I have a c++ binary that uses glog. I run that binary within beam python on cloud dataflow. I want to save c++ binary's stdout, stderr and any log file for later inspection. What's the best way to do that?
This guide gives an example for beam java. I tried to do something like that.
def sample(target, output_dir):
import os
import subprocess
import tensorflow as tf
log_path = target + ".log"
with tf.io.gfile.GFile(log_path, mode="w") as log_file:
subprocess.run(["/app/.../sample.runfiles/.../sample",
"--target", target,
"--logtostderr"],
stdout=log_file,
stderr=subprocess.STDOUT)
I got the following error.
...
File "apache_beam/runners/common.py", line 624, in apache_beam.runners.common.SimpleInvoker.invoke_process
File "/home/swang/.cache/bazel/_bazel_swang/09eb83215bfa3a8425e4385b45dbf00d/execroot/__main__/bazel-out/k8-opt/bin/garage/sample_launch.runfiles/pip_parsed_deps_apache_beam/site-packages/apache_beam/transforms/core.py", line 1877, in <lambda>
wrapper = lambda x, *args, **kwargs: [fn(x, *args, **kwargs)]

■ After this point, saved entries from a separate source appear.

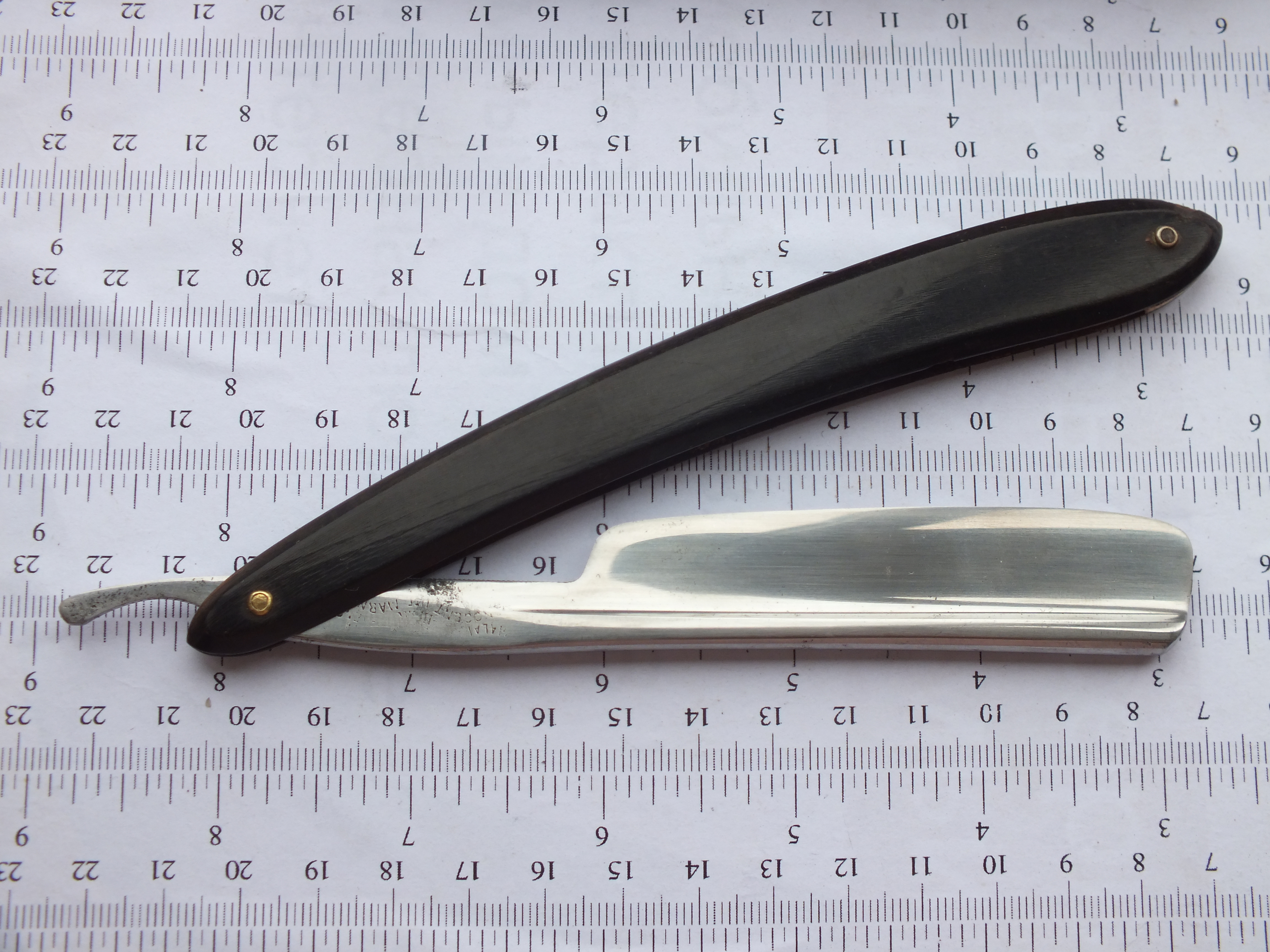 Конец 19 века. Ширина11/16, вогнутость 1/2 холлоу. Оправа рог, клинышек кость. Бритва заточена и готова к бритью. Продана на другом ресурсе. Spoiler Show
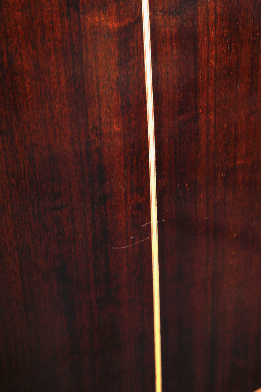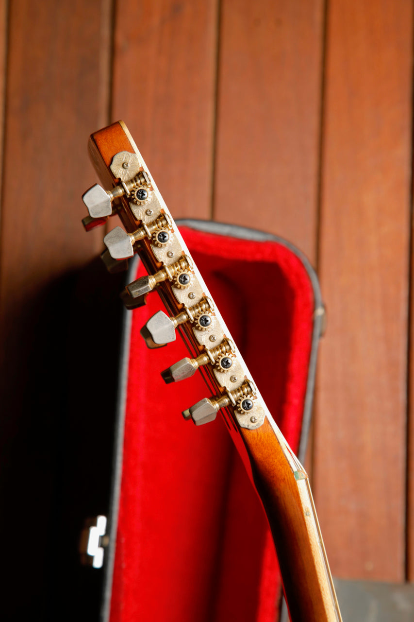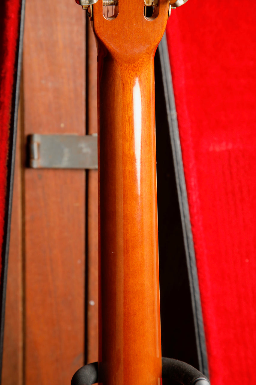 There are some signs of wear and age including small marks/dings and patina to the hardware including the brass nut and saddle. The frets also show a small amount. ofwear consistent with age.
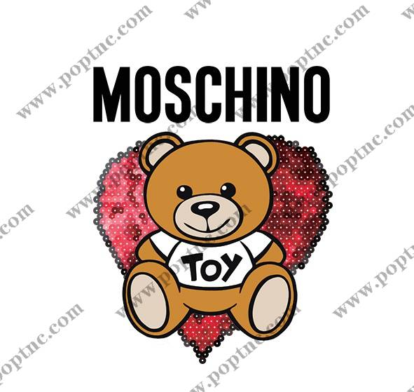 POP花型网 » 卡通潮牌MOSCHINO熊爱心印花矢量图服装裁片T恤烫图印花花型素材
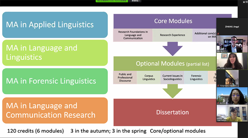 接下来,卡迪夫大学英语学院的研究生主任Mercedes Durham博士和Melanie Bigold博士分别介绍了卡迪夫大学的语言学及文学硕士的培养方案,包括研究方向、培养年限、学分及毕业论文要求等。其中,语言学硕士包括应用语言学、语言与语言学、法律语言学、语言与交流等方向,开设共计120学分的课程,主要课程模块在语言与交流及科研训练方面,选修课程模块涉及社会语言学、语料库语言学等领域。文学硕士课程以创新项目、灵活的授课方式、小班授课等为其特点,科研气氛浓厚,会组建读书小组并开展专题研讨会。北师大外文学院英文系主任王楠老师表达了希望两边学校保持交流的愿望。

File "/home/swang/.cache/bazel/_bazel_swang/09eb83215bfa3a8425e4385b45dbf00d/execroot/__main__/bazel-out/k8-opt/bin/garage/sample_launch.runfiles/__main__/garage/sample_launch.py", line 17, in sample
File "/usr/local/lib/python3.8/subprocess.py", line 493, in run
with Popen(*popenargs, **kwargs) as process:
File "/usr/local/lib/python3.8/subprocess.py", line 808, in __init__
errread, errwrite) = self._get_handles(stdin, stdout, stderr)
File "/usr/local/lib/python3.8/subprocess.py", line 1489, in _get_handles
c2pwrite = stdout.fileno()
AttributeError: 'GFile' object has no attribute 'fileno' [while running 'Map(functools.partial(<function sample at 0x7f45e8aa5a60>, output_dir='gs://swang/sample/20220815_test'))-ptransform-28']
google.cloud.storage
API also does not seem to expose fileno()
.
import google.cloud.storage
google.cloud.storage.blob.Blob("test", google.cloud.storage.bucket.Bucket(google.cloud.storage.client.Client(), "swang"))
<Blob: swang, test, None>
blob = google.cloud.storage.blob.Blob("test", google.cloud.storage.bucket.Bucket(google.cloud.storage.client.Client(), "swang"))

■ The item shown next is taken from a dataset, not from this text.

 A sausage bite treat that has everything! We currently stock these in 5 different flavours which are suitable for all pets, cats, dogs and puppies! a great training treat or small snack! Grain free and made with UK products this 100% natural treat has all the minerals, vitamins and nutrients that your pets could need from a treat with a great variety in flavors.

reader = google.cloud.storage.fileio.BlobReader(blob)
reader.fileno()
Traceback (most recent call last):
File "/usr/lib/python3.8/code.py", line 90, in runcode
exec(code, self.locals)
I also considered writing the logs in c++ binary rather than passing them to python. As glog is implemented on top of c++ FILE
rather than iostream
, I have to reset stdout
etc to gcs at FILE
level like this rather than reset cout
to gcs in iostream
level like this. But gcs c++ API is only implemented on top of iostream
, so this approach does not work. Using dup2
like this is another approach but seem too complicated and expensive.